И по непонятно какой ассоциации, я вспоминаю наши первые годы на первой нашей квартире, доставшейся в наследство от бабушки, в Веселом поселке. Сначала с нашими друзьями по школе и черным терьером Джиммой, потом с Алешей. Благодаря бедности и общительности Таньки, мы дружили со всеми соседями. С Марьей Михайловной, она жила на девятом этаже над нами и часто выручала, то посидит с маленьким Алешей, когда мы ездили к друзьям, но выручит десяткой до получки. Мы до начала перестройки были бедны как весь андеграунд, работавший, как я, в котельной или на других работах, не предполагавших идеологического соответствия презираемому совку и оставляющим много свободного времени для чтения и писания.

Еще до того, как я пошёл на курсы кочегаров, так как КГБ турнуло меня и с экскурсоводской и библиотечной синекур, я пытался найти работу около дома. Работал сторожем, несколько ночей провел, охраняя универсам напротив, потом какое-то время ночным же сторожем на одном предприятии на противоположной стороне улицы Крыленко, почти у самой набережной. И Танька всегда ходила ко мне, одна или с маленьким Алешей, приносила еду, просто навещала, чтобы мне не было так одиноко. Ведь телефонов не было, я не о мобильниках, до которых целая эпоха, а простой городской телефон (зелененький крокодильчик, ласково называла его Танька) появился у нас году в 1984, не раньше.

А еще мы сдавали посуду. Не собирали по помойкам, а свою посуду — бутылки, остававшиеся после наших субботних посиделок, банки от той или иной еды. Мы ездили куда-то, точно не помню, но несколько остановок на 118 автобусе, где ты погружался в мир бомжей и алкашей, и это был маленький праздник, у тебя появлялось несколько лишних рублей, а когда их всего 84 (умноженные на два), то и рубль — деньги.

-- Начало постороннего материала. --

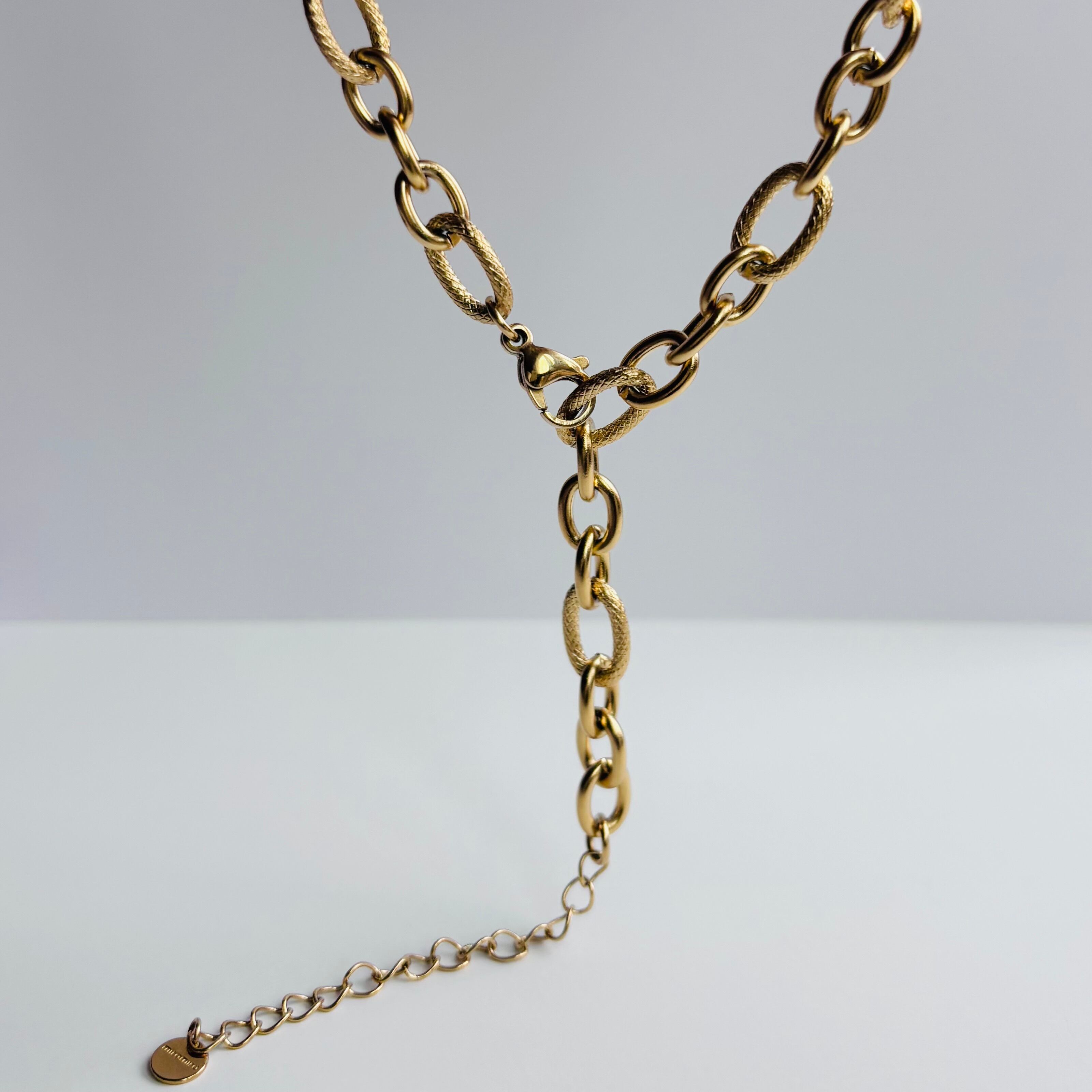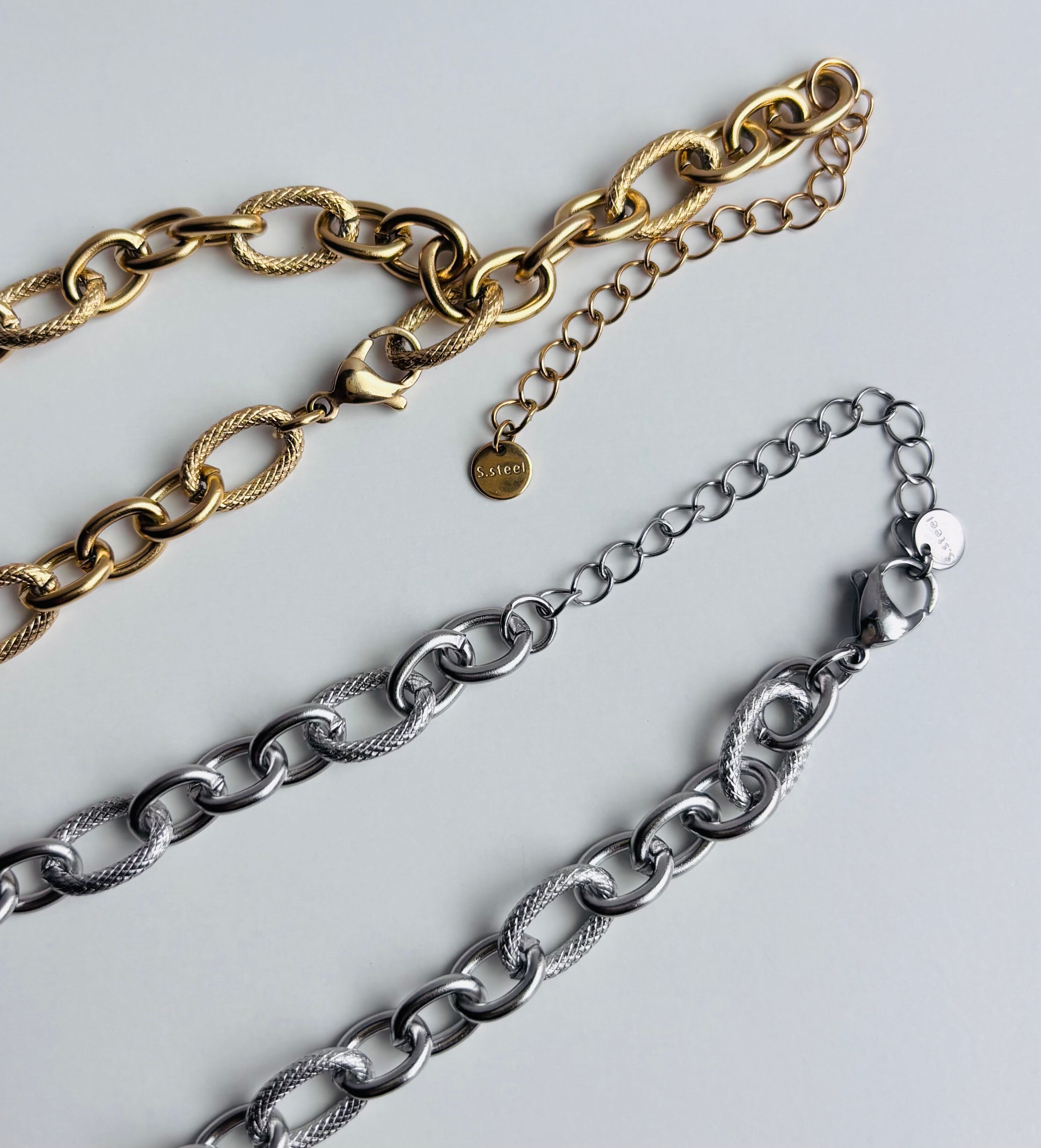 少しだけマットなリンクと、繊細な網目の入ったリンクのチェーンネックレス。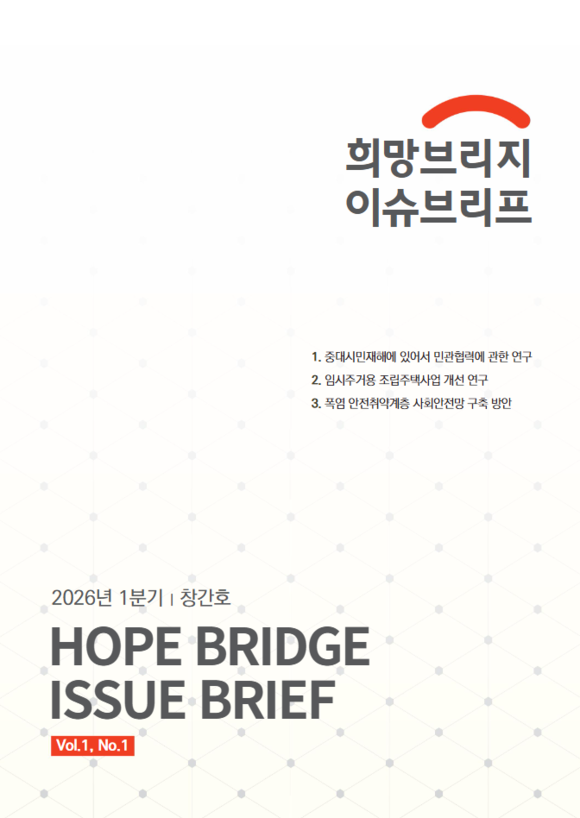 희망브리지 전국재해구호협회(회장 임채청)가 정책 전문 간행물 ‘이슈브리프’ 창간호를 발간했다고 10일 밝혔다.

И еще я помню, как умерла Марья Михайловна. В самом конце 80-х. Она была такая прозрачная, светлая, простая и полностью понятная своей деликатностью и доброжелательностью. Ее квартирка была чиста и солнечна как светелка, паркет натерт и блестел от мастики, все аккуратно и торжественно спокойно как в пустом дворце. Я помню эту ночь, когда я вдруг услышал какие-то совершенно непривычные грубые звуки сверху, из ее квартиры. Кто-то громко и бесцеремонно ходил, задевал мебель, что-то отодвигал, сопровождая любой жест звуком, совершенно не вязавшимся с нашей Марьей Михайловной. И я сразу подумал о нехорошем. Это были звуки чужие, нетерпеливые, беспардонные. Потом еще несколько раз лифт остановился на верхнем этаже, потом громкие звуки переместились на лестничную площадку, мужские грубые голоса, возня возле лифта, и разом обрушившаяся тишина. Мне все было понятно, нашу соседку, то, что от неё осталось, увезли.

Почему я вспомнил об этом? Танька была не похожа на Марью Михайловну, которая по молодости была проводником пассажирских поездов (представляю стерильную чистоту ее вагона), и одновременно похожа своей спокойной, неторопливой манерой жизни, без отдаленных даже претензий на лидерство или доминирование. Но при этом совершенно никак ни рыба, ни мясо, у меня в ушах стоит ее приговор: «сопли» — по поводу любовных книжных или киноисторий, всего, что эксплуатирует чужие и близко залегающие чувства.

И не поморщилась бы она в некоторых моментах моего о ней рассказа, который сваливает на неё слишком много. Не потому, что во всем, что я делал и даже делаю сейчас, ее присутствие было преобладающим, неискоренимым, а потому что расстояние и боль от ее ухода окрашивают и даже перекомпоновывают прошлое как редактор, знающей на чем или ком делать акцент.

Моя девочка, моя единственная и незаменимая помощница, мой вдохновитель, мой главный читатель и редактор, моя акустика, моя попытка выжить без тебя смехотворна, ходульна и неестественна, и я живу, пока ты живешь во мне. Или мне это только кажется.